I find pulsing the sticking valve tends to free it up.


----------



## Beitz DUB (Sep 22, 2008)

Yes I a post about draining the system because it was sticking, so that was the first thing I did too and pulsing helped it finally come up. That was the last time I aired down before taking it apart. I dont like to put off problems
Accuair mentioned they would send new poppets if I continued to experience the sticking. 


mdubcajka12 said:


> good tip.
> 
> my question. where did you get those elbows and connections for your dakota digital senders to connect them to your VU4?
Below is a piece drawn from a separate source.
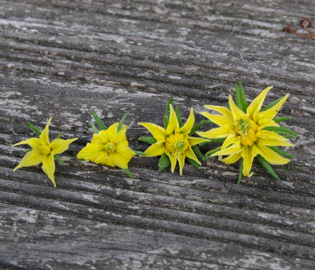 Im letzten Jahr war ich beeindruckt von den unterschiedlichen Tomatenblüten. Hm, es ist wahrscheinlich nicht weiter überraschend, dass so unterschiedliche Tomatensorten wie Wildtomaten und Ochsenherztomaten auch unterschiedliche Blüten haben. Ich hatte mir einfach vorher noch nie Gedanken darum gemacht. Daher hatte ich eine ganze Sammlung der verschiedenen Blüten fotografiert. Das war am 6. Juni 2020.

Theyre NPT elbows from Lowes


----------



## abydielsgli (May 8, 2003)

same thing has happened to me but only in cold temperatures. ive just let it warm up a lil and go on with my day


----------



## blue bags (Jul 1, 2009)

abydielsgli said:


> same thing has happened to me but only in cold temperatures. ive just let it warm up a lil and go on with my day


throw a cap full of air brake anti-freeze in the tank and that wont happen anymore. really sucks when your late for work and its below freezing if you havent done this haha


----------



## abydielsgli (May 8, 2003)

blue bags said:


> throw a cap full of air brake anti-freeze in the tank and that wont happen anymore. really sucks when your late for work and its below freezing if you havent done this haha


ya thats what i did.

its always the days that we're in a rush that we hate our cars:laugh:


----------